__Brief__
Filter the entries, keeping every line with the word "high".

__Data supplied__
----
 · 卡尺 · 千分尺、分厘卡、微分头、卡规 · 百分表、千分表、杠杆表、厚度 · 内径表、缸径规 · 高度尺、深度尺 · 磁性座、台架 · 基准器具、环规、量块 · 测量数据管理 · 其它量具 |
----
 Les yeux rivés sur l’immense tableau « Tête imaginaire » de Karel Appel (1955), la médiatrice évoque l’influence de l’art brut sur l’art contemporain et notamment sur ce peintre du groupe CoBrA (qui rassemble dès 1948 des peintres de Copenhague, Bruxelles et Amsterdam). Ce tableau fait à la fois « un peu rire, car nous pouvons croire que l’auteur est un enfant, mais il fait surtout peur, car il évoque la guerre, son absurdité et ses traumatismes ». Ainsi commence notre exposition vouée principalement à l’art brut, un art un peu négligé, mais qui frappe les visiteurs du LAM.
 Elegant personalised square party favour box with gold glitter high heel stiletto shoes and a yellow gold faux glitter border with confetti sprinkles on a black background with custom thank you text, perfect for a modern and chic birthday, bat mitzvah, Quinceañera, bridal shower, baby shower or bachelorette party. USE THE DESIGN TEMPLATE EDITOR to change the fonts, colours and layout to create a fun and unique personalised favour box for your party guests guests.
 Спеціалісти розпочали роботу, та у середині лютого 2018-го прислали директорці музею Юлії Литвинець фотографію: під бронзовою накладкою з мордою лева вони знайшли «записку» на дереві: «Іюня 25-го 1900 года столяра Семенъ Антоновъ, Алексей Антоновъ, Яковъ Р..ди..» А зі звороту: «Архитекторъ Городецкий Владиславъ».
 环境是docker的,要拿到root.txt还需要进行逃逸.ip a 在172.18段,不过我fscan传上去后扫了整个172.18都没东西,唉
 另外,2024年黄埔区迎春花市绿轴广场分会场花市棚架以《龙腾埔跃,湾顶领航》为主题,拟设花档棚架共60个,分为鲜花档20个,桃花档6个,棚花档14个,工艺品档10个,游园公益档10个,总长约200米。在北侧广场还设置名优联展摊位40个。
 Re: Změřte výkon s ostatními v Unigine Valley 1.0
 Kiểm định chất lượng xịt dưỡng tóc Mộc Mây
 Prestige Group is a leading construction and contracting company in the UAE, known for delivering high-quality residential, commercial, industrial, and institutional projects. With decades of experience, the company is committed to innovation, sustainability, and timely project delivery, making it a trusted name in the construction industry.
----
__Task answer__
 Elegant personalised square party favour box with gold glitter high heel stiletto shoes and a yellow gold faux glitter border with confetti sprinkles on a black background with custom thank you text, perfect for a modern and chic birthday, bat mitzvah, Quinceañera, bridal shower, baby shower or bachelorette party. USE THE DESIGN TEMPLATE EDITOR to change the fonts, colours and layout to create a fun and unique personalised favour box for your party guests guests.
 Prestige Group is a leading construction and contracting company in the UAE, known for delivering high-quality residential, commercial, industrial, and institutional projects. With decades of experience, the company is committed to innovation, sustainability, and timely project delivery, making it a trusted name in the construction industry.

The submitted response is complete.